I picked up my banjo this morning to practice. Lately I’ve been working on speed, and correcting deficiencies in my technique that have crept in as a result of tension. The first thing that happened was my plastic thumb pick snapped in half when I put it on. With an irritated sound which could easily be mistaken for a cuss word, I found another thumb pick.
Now, get this. I have a good capacity to stick with things; bands (17 years with Alison Krauss and Union Station), marriage (20 year anniversary last year), a primarily raw food way of eating (seven years). That’s a good thing. But that capacity can also be misused; it can deteriorate into the realm of “It’s comfortable and familiar, so I’m sticking with it.”
That’s why I was irritated at my thumb pick. I hate changing picks; new picks take awhile to get used to. I use the same tortoiseshell guitar pick for month after month until it wears down; then I reshape it and use it more.
But I put on the new thumb pick. It wasn’t so bad. I played for a bit, and then thought, “What if I changed out my finger picks, too?” I play Scruggs-style banjo with the thumb and two fingers, using two metal finger picks and the plastic thumb pick, and for the past six months I’ve been using a modern pair. I dug into my cache of old National finger picks (probably from the 1940s-1960s) and found an unused pick for my middle finger.
It fit perfectly. I hit the string. Clang. The tone was remarkably better than the newer, more modern picks I’d been using, with a nice zing in the high-end,. So I put another old National on the other finger. Clang – again, better tone.
Well, that was even more annoying in a sense. Here I’d spent months with these modern finger picks with less tone simply because they were comfortable, and I was used to them. But they weren’t optimal.

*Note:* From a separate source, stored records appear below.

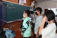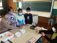 3年生と4年生の理科の様子です。3年生は、保健室で体重計に乗ってものの重さの実験、4年生は、理科室で物の温度と体積の実験をしていました。
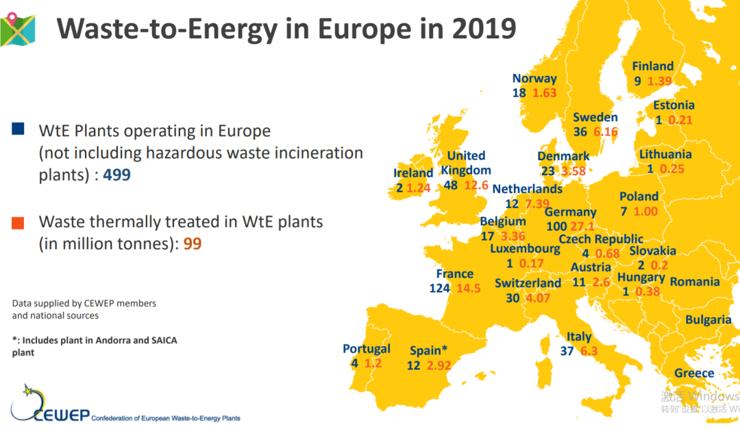 歐洲23國垃圾焚燒項目及產(chǎn)能分布表
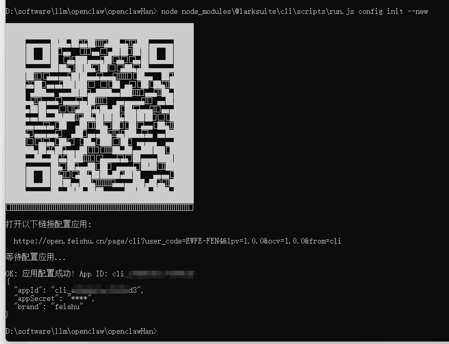 系统会生成一个飞书应用创建链接。
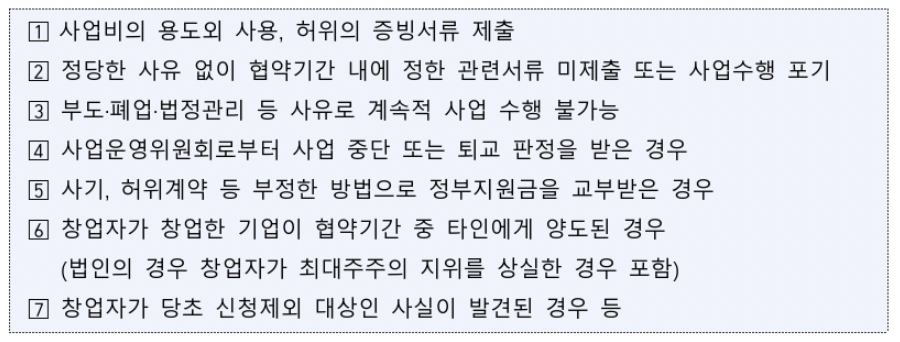 - 다음 중 어느 하나에 해당 시 협약 해약, 사업비 집행중지 및 회수 등 조치할 수 있습니다.
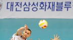 NH농협2008~2009 V-리그' 대전 삼성화재과 신협 상무의 경기가 6일 오후 대전 충무실내체육관에서 벌어졌다. 1세트 신협상무 임동규가 삼성화재 블로킹 사이로 스파이크를 넣고 있다./대전=윤민호 기자ymh@osen.co.kr
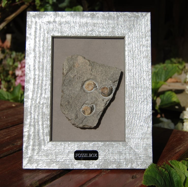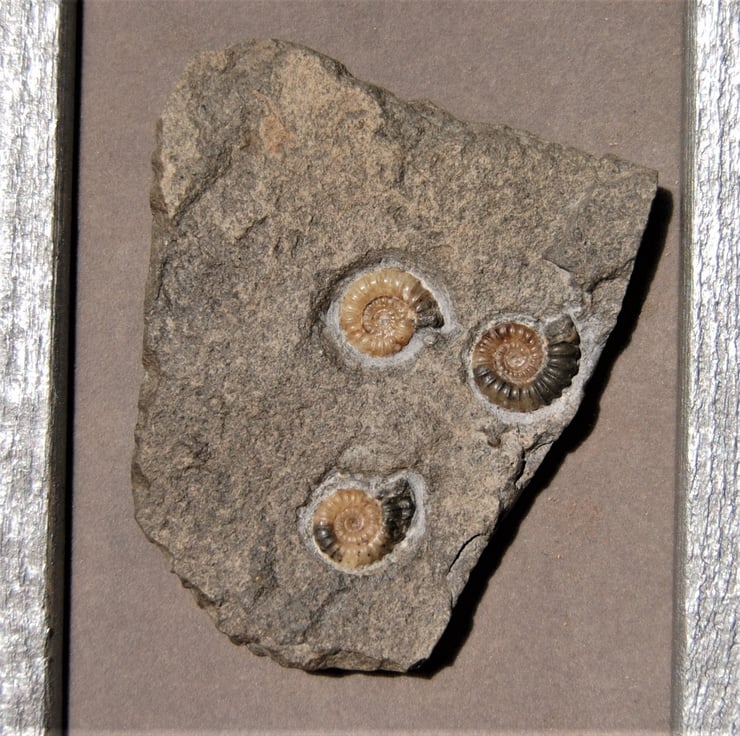 Three lovely Dorset ammonites in matrix mounted in a modern shaby chic style grey frame on a plush grey background.

How many things do I continue to think, or do, or say, or allow in my life because they’re more comfortable than change? How much of the world’s thinking has infected my own because it’s more comfortable than following Christ? How many things could I change with just the smallest adjustment?
Faith steps out of the comfort zone looking for “Optimal.” These picks will take a little getting used to. But faith says I can get used to them quickly, and the extra tone is worth it.
Winner of 147 Grammys (or so), Ron Block is the banjo-ninja portion of Alison Kraus and Union Station. When he's not laying down a bluegrass-style martial-arts whoopin' on audiences around the world, he's taking care of his donkey named "Trash" and keeping himself busy by being one of the most well-read and thoughtful people we know.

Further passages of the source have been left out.